Fetch Data from the World Bank International Debt Statistics (IDS) API
Source:R/ids_get.R
ids_get.Rd
Retrieves standardized debt statistics from the World Bank's International Debt Statistics (IDS) database, which provides comprehensive data on the external debt of low and middle-income countries. The function handles country identification, data validation, and unit standardization, making it easier to conduct cross-country debt analysis and monitoring.
Usage
ids_get(
geographies,
series,
counterparts = "WLD",
start_date = 2000,
end_date = NULL,
progress = FALSE
)
Arguments
- geographies
A character vector of geography identifiers representing debtor countries and aggregates. Must use
geography_id
from ids_list_geographies:For individual countries, use ISO3C codes (e.g., "GHA" for Ghana)
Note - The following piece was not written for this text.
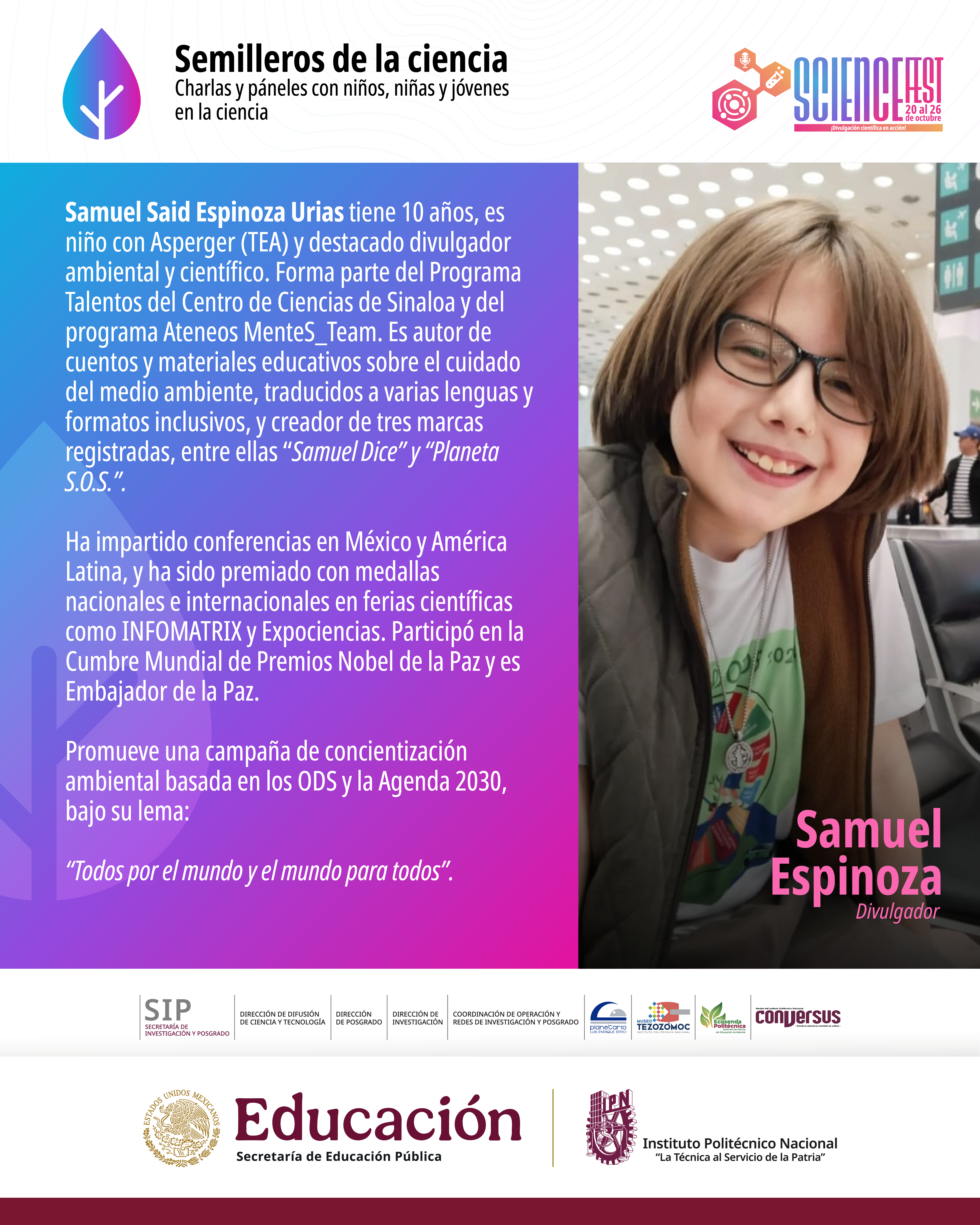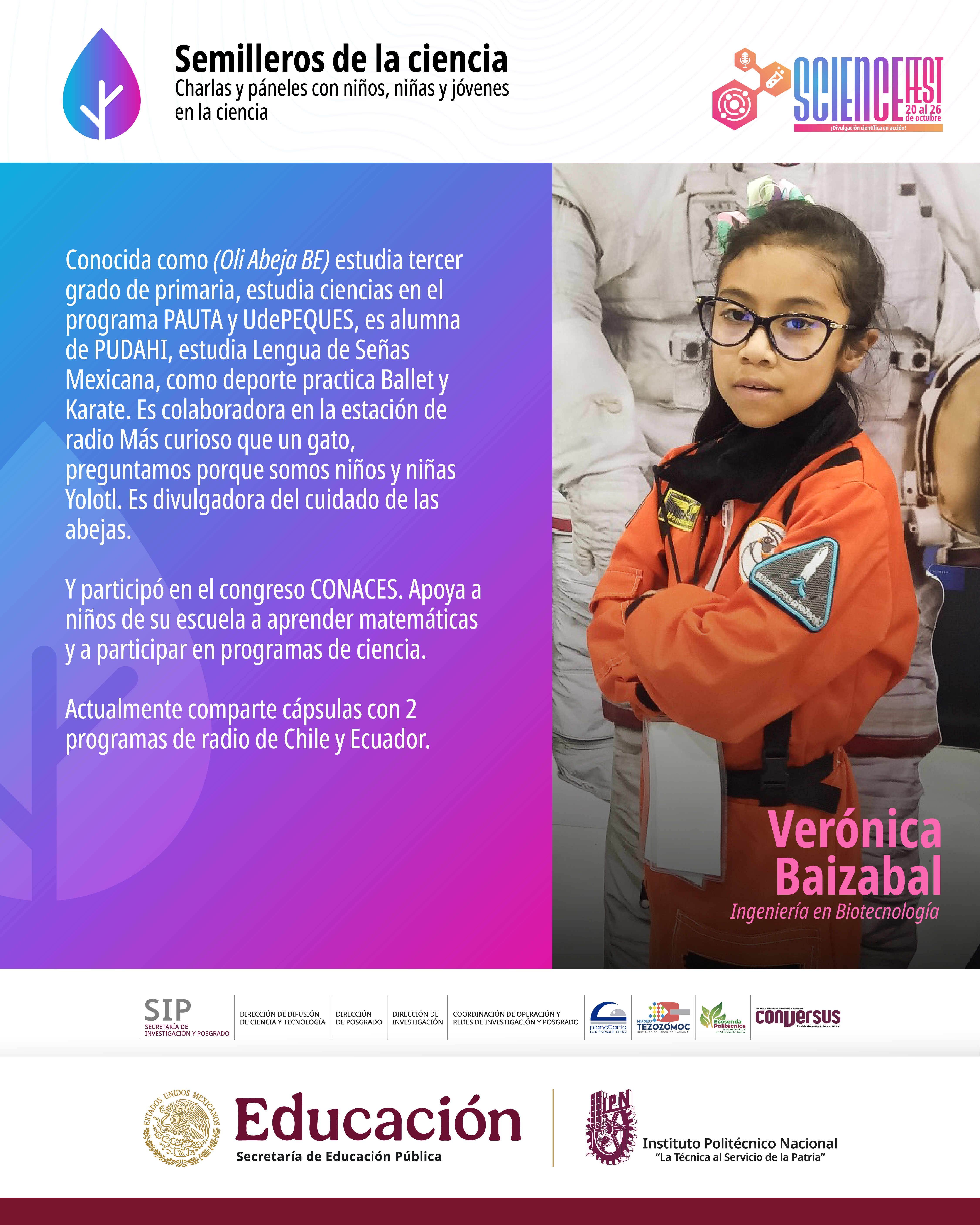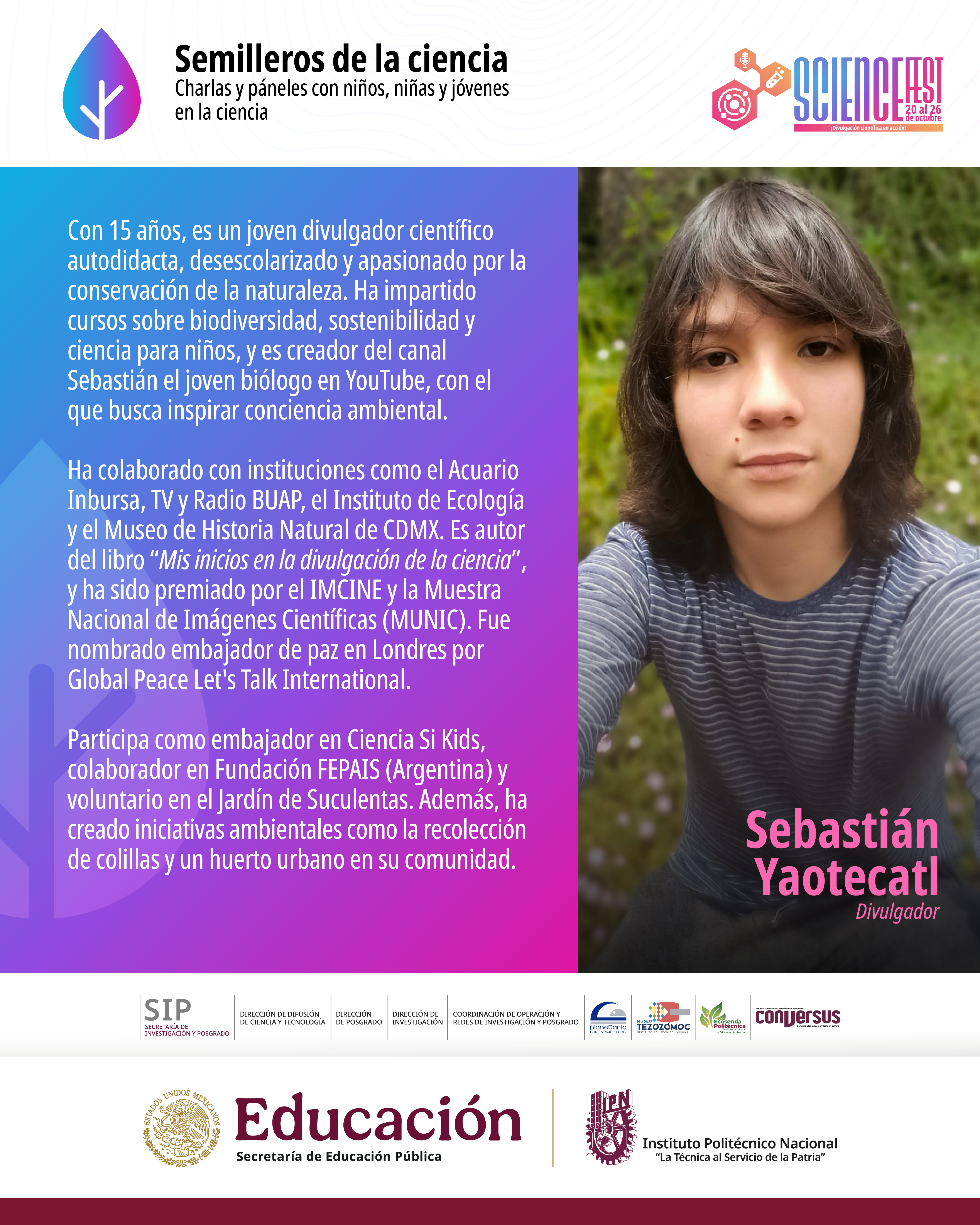 Paneles de divulgación protagonizados por niñas, niños y jóvenes que a su corta edad ya están realizando divulgación científica y son ya referentes nacionales e internacionales en diversos ámbitos de la ciencia y la tecnología.

For aggregates, use World Bank codes (e.g., "LIC" for low income countries) The IDS database covers low and middle-income countries and related aggregates only. Cannot contain NA values.
- series
A character vector of debt statistics series identifiers that must match the
series_id
column from ids_list_series. Each series represents a specific debt statistic (e.g., "DT.DOD.DECT.CD" for total external debt stocks, "DT.TDS.DECT.CD" for debt service payments). Cannot contain NA values.- counterparts
A character vector of creditor identifiers that must match the
counterpart_id
column from ids_list_counterparts. The default "WLD" returns aggregated global totals across all creditors. Common options:"WLD" - World total (aggregated across all creditors)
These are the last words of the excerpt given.